# A question(s) for ADB



## Garviel loken. (Jun 8, 2014)

ADB, i have two extremely important questions i need answered.

1. As a big fan of your books, id really like to meet you and get you to sign some of my stuff. But i live in canada and black library never seems to come across the pond for there weekenders....so, any plans for a canadian tour?

2. Would you join my eternal crusade guild? If you did i could offer you the role of company champion...think of all the glory to be had


----------



## Malus Darkblade (Jan 8, 2010)

Unfortunately BL is not that outside of the UK so I doubt they'd be shelling out plane tickets to authors to fly out. 

There isn't a Warhammer hub per say in the US for example. Just a few GW's scattered about and visited by 99% men.

So it would make more sense for you to fly to England than them coming to you.


----------



## The Scion of Chemos (May 24, 2013)

Garviel loken. said:


> ADB, i have two extremely important questions i need answered.
> 
> 1. As a big fan of your books, id really like to meet you and get you to sign some of my stuff. But i live in canada and black library never seems to come across the pond for there weekenders....so, any plans for a canadian tour?
> 
> 2. Would you join my eternal crusade guild? If you did i could offer you the role of company champion...think of all the glory to be had





Malus Darkblade said:


> Unfortunately BL is not that outside of the UK so I doubt they'd be shelling out plane tickets to authors to fly out.
> 
> There isn't a Warhammer hub per say in the US for example. Just a few GW's scattered about and visited by 99% men.
> 
> So it would make more sense for you to fly to England than them coming to you.

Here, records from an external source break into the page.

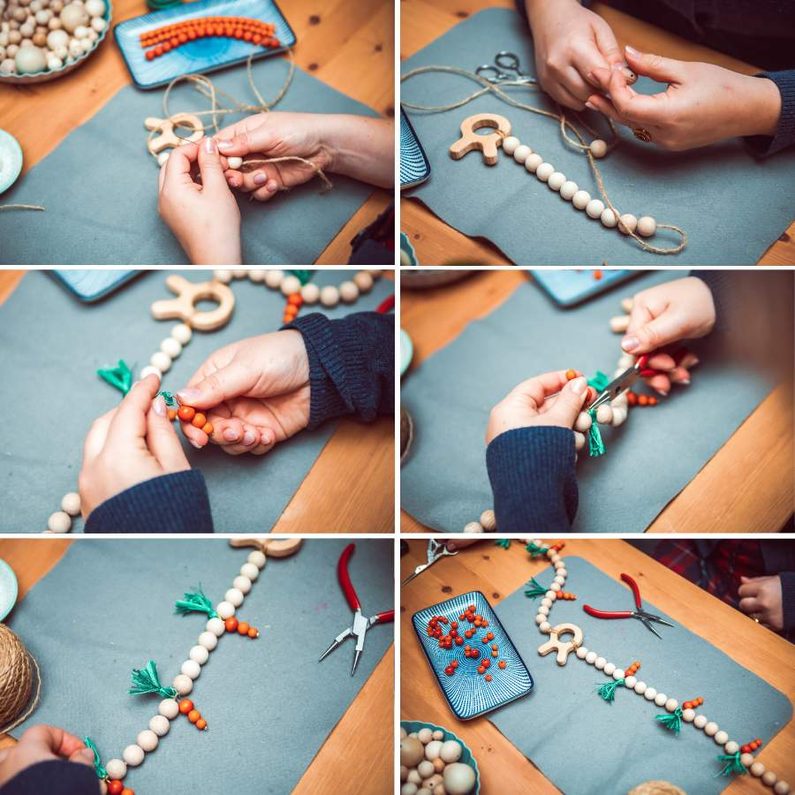 Mrkvičky zavěsíme očkem nýtu mezi velké dřevěné korálky a očko poté pomocí kleští uzavřeme.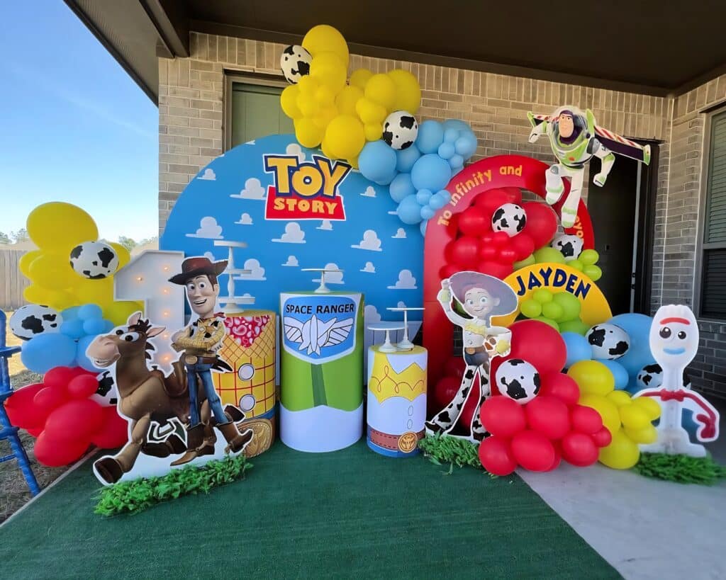 An epic backdrop with all of the iconic Toy Story colors, characters and placeholders for adding cakes and taking plenty of photos.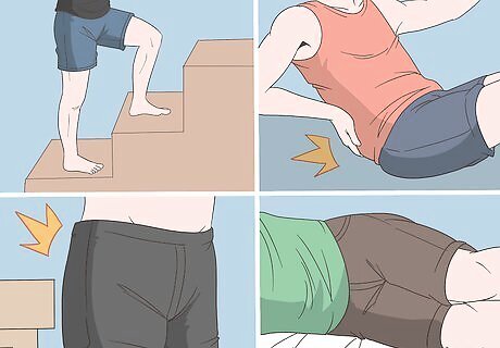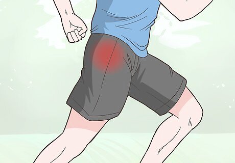 Identify ways you might have exerted or injured yourself. Injuries and overuse are the most common causes of bursitis. Consider if you’ve done any form of exercise or if you’ve been injured recently to determine a potential cause. Some things that might have led to developing bursitis include: Doing the same motion over and over again, such as taking a long bike ride or climbing stairs on a stair machine for a long time Falling onto your hip Bumping your hip into something Lying on your hip for a long period of time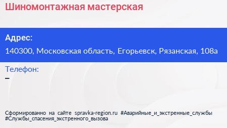 Шиномонтажная мастерская по адресу 140300, Московская область, Егорьевск, Рязанская, 108а в дальнейшем Организация, размещена в следующих категориях:

Yeah, I am flying from Dallas Texas to Dublin, and then travelling to the Weekender 3 this November.
I think they have a Games Day in the US somewhere, but no authors at it. You really should save up some money and go to the UK, as opposed to dying of old age before they actually send authors across the pond lol


----------



## Dead.Blue.Clown (Nov 27, 2009)

Garviel loken. said:


> ADB, i have two extremely important questions i need answered.
> 
> 1. As a big fan of your books, id really like to meet you and get you to sign some of my stuff. But i live in canada and black library never seems to come across the pond for there weekenders....so, any plans for a canadian tour?


A bunch of us were in Canada this time two years ago, actually. It was a great event, too.

https://aarondembskibowden.wordpress.com/2012/10/27/im-still-alive-post-canada-mega-photo-update/ 

I've not heard about another one, and I'm a little wary of overcommitting to too many events in a year as busy as 2014, as even a two-day one can add up to a lot of lost work time when you add in travel, etc.

Was a great event, though. If there's another one beynd 2014, I think a bunch of BL's authors would go again.



Garviel loken. said:


> 2. Would you join my eternal crusade guild? If you did i could offer you the role of company champion...think of all the glory to be had


I get asked this a surprising amount. You don't want me screwing up your DPS meters, trust me.


----------



## Garviel loken. (Jun 8, 2014)

Dead.Blue.Clown said:


> A bunch of us were in Canada this time two years ago, actually. It was a great event, too.
> 
> https://aarondembskibowden.wordpress.com/2012/10/27/im-still-alive-post-canada-mega-photo-update/
> 
> ...


If you do return, we shall gift you with pallets of maple syrup.

One does not simply turn down a spot in the avenging sons....LION EL JONSON HIMSELF JOINS US. either you stand with us....or in front of us. AS the great colonel sanders once said, im to drunk to eat this chicken


----------